Notation: You can use the example("geom_point") part hither to explore a multitude of different aesthetics and layers that tin be added to your plot. As you whorl through the unlike plots, take note of how the code is modified. Y'all tin utilize this with whatever of the different geometric object layers bachelor in ggplot2 to learn how you can easily modify your plots!

Note: RStudio provide this very useful cheatsheet for plotting using ggplot2. Different example plots are provided and the associated lawmaking (i.eastward which geom or theme to use in the advisable state of affairs.) We likewise encourage you to persuse through this useful online reference for working with ggplot2.


Do

  1. The electric current axis label text defaults to what we gave as input to geom_point (i.e the cavalcade headers). We can alter this past adding additional layers chosen xlab() and ylab() for the x- and y-centrality, respectively. Add these layers to the current plot such that the x-axis is labeled "Age (days)" and the y-centrality is labeled "Mean expression".
  2. Use the ggtitle layer to add a title to your plot.

Note: Useful code to centre your title over your plot can exist done using theme(plot.title=element_text(hjust=0.v)).

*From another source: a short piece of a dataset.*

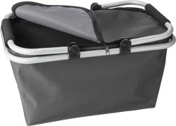 Zložljiva nakupovalna košara iz poliestra (320-330 g/m2), z aluminijastim okvirjem in ročaji z oprijemom iz pene EVA; na vrhu se lahko zapre z zadrgo.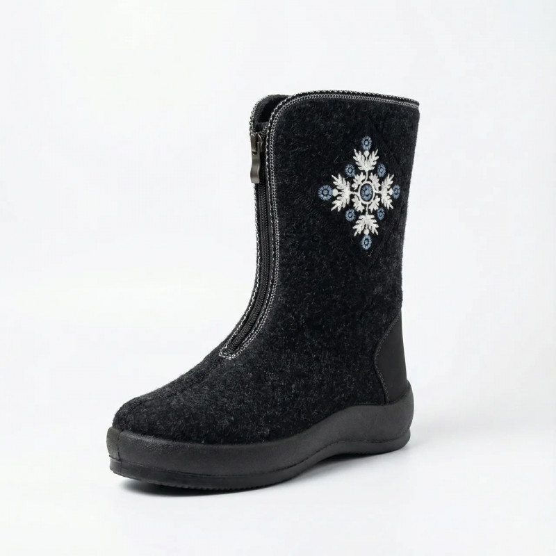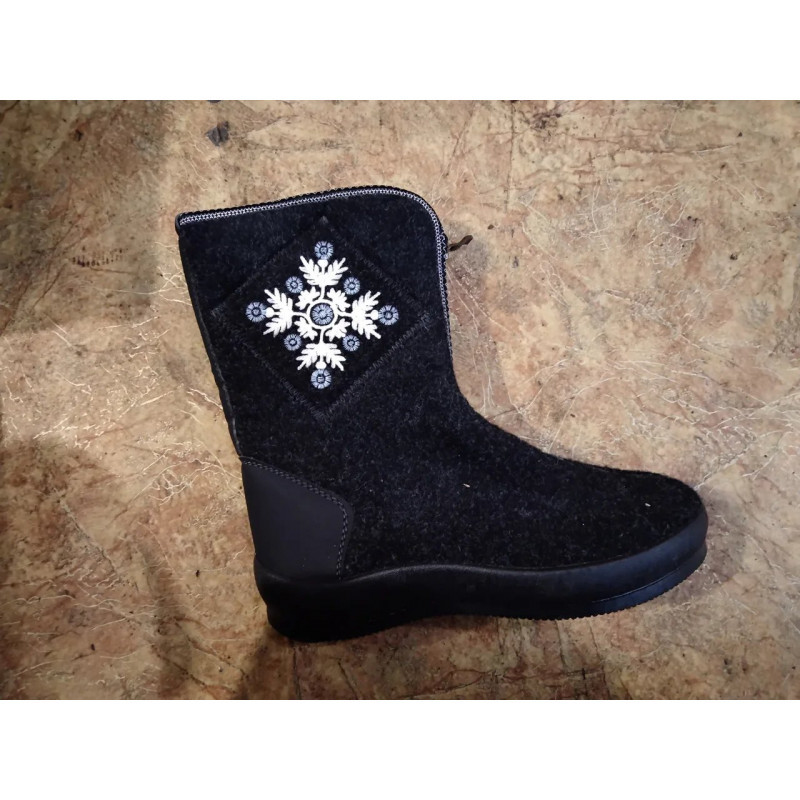 Теги: жіночі бурки, зимове взуття, повстяні чуні, чорне взуття, вишивка, Сніжинка, зимова мода

Consistent formatting using custom functions

When publishing, it is helpful to ensure all plots have similar formatting. To practise this we can create a custom function with our preferences for the theme. Remember the construction of a role is:

                          name_of_function                                          <-                                          function              (              arguments              )                                          {                                          statements                                          or                                          code                                          that                                          does                                          something                                          }                                                  

Now, let's suppose nosotros always wanted our theme to include the following:

                          theme_bw              ()                                          +                                          theme              (              centrality.title              =              element_text              (              size              =              rel              (              1.5              )),                                          plot.title              =              element_text              (              size              =              rel              (              1.5              ),                                          hjust              =              0.five              ))                                                  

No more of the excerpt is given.